Campath® (alemtuzumab)
Injection for intravenous use
Initial U.S. Approval: 2001


 

 

WARNING: CYTOPENIAS, INFUSION REACTIONS, and INFECTIONS

 

See full prescribing information for complete boxed warning.

Serious, including fatal, cytopenias, infusion reactions and infections can occur (5.15.3).

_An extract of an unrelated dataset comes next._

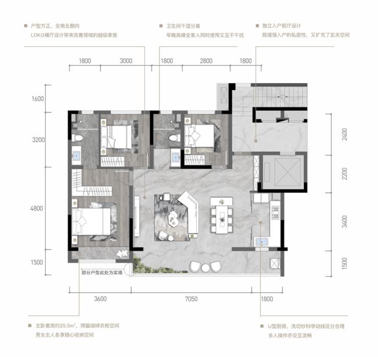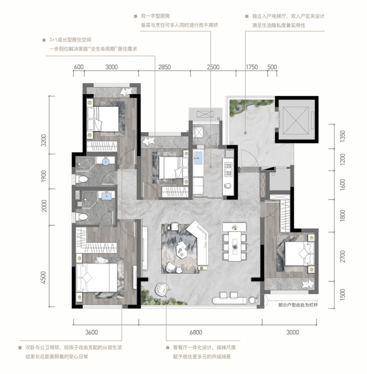 户型解析:17层纯板式小高层,全南北朝向,每一户皆享开阔视野与舒适体验;两梯两户私梯入户,入户独立门厅设计,全明采光,自然通风;约16m朝南面宽、约3.1m墅式层高,享全天候阳光奢适生活;约9.25m阔景巨幕阳台,墅级空中花园,收藏窗外绚丽景观。

  • Limit doses to 30 mg (single) and 90 mg (cumulative weekly); higher doses increase risk of pancytopenia (2.1).
  • Escalate dose gradually and monitor patients during infusion. Withhold therapy for Grade 3 or 4 infusion reactions (5.2).
  • Administer prophylaxis against Pneumocystis jiroveci pneumonia (PCP) and herpes virus infections (2.2, 5.3).
 

RECENT MAJOR CHANGES

 

Warnings and Precautions (5.3) 3/2009

 

INDICATIONS AND USAGE

 

Campath is a CD52-directed cytolytic antibody indicated as a single agent for the treatment of B-cell chronic lymphocytic leukemia (B-CLL) (1).

 

DOSAGE AND ADMINISTRATION

 
  • Administer as an IV infusion over 2 hours (2.1).
  • Escalate to recommended dose of 30 mg/day three times per week for 12 weeks (2.1).
  • Premedicate with oral antihistamine and acetaminophen prior to dosing (2.2).
 

DOSAGE FORMS AND STRENGTHS

 

30 mg/1 mL single use vial (3).

 

CONTRAINDICATIONS

 

None (4).

 

WARNINGS AND PRECAUTIONS

 

Cytopenias:

  • Obtain complete blood counts (CBC) and platelet counts at weekly intervals during therapy and CD4 counts after therapy until recovery to ≥ 200 cells/µL (5.4).
  • Discontinue for autoimmune or severe hematologic adverse reactions (5.1).

Infections:

  • Campath induces severe and prolonged lymphopenia and increases risk of infection. If a serious infection occurs, withhold treatment until infection resolves (5.3).
  • Do not administer live viral vaccines to patients who have recently received Campath (5.5).
 

ADVERSE REACTIONS

 

Most common adverse reactions (≥ 10%): cytopenias, infusion reactions, cytomegalovirus (CMV) and other infections, nausea, emesis, diarrhea, and insomnia (6).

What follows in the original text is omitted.